## What to produce
The lines to reproduce from the material below are those from the one containing "3月15日上午,四川交通职业" through the one containing "A Pawel Jozeffy", both included; write them out exactly and add nothing.

Source data Start Marker

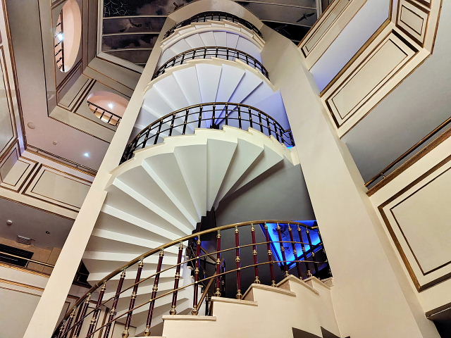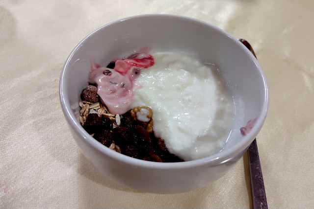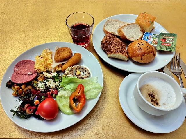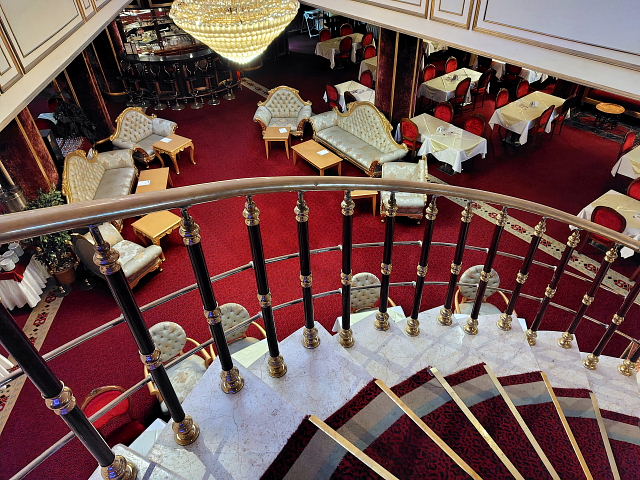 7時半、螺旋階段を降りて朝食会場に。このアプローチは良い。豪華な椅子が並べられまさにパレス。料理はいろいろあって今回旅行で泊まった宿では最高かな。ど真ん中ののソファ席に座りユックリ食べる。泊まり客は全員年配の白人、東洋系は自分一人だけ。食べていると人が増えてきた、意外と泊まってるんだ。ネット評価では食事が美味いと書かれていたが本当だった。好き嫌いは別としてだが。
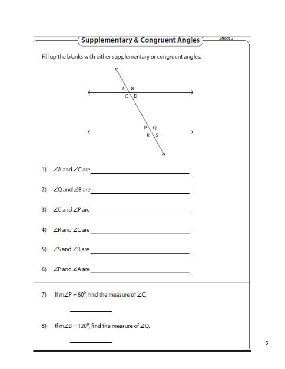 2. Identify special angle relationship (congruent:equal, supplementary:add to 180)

Source data End Marker
Source data Start Marker

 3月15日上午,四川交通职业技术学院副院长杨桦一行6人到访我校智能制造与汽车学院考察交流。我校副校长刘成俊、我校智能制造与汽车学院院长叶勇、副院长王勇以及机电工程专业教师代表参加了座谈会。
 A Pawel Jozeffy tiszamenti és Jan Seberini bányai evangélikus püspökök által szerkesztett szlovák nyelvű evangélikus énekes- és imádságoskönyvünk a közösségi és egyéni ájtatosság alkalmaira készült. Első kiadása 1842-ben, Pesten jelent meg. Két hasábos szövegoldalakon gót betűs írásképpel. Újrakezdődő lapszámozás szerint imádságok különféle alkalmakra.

Source data End Marker
Source data Start Marker

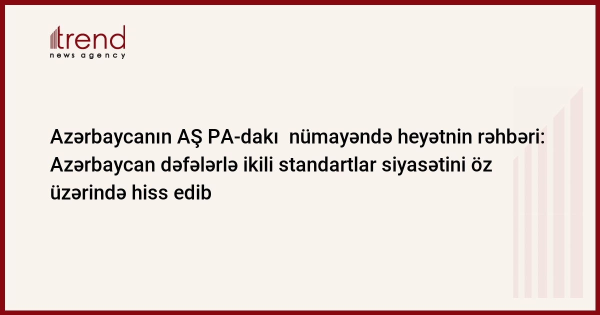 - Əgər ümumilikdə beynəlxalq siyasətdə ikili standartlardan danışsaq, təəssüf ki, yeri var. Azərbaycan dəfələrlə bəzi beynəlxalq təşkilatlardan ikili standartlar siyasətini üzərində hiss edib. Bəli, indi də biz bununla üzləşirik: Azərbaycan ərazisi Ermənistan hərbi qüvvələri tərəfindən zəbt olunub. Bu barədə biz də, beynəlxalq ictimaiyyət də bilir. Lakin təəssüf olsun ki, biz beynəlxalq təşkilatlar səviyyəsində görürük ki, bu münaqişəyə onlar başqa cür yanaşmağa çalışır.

Source data End Marker

## Reply
 3月15日上午,四川交通职业技术学院副院长杨桦一行6人到访我校智能制造与汽车学院考察交流。我校副校长刘成俊、我校智能制造与汽车学院院长叶勇、副院长王勇以及机电工程专业教师代表参加了座谈会。
 A Pawel Jozeffy tiszamenti és Jan Seberini bányai evangélikus püspökök által szerkesztett szlovák nyelvű evangélikus énekes- és imádságoskönyvünk a közösségi és egyéni ájtatosság alkalmaira készült. Első kiadása 1842-ben, Pesten jelent meg. Két hasábos szövegoldalakon gót betűs írásképpel. Újrakezdődő lapszámozás szerint imádságok különféle alkalmakra.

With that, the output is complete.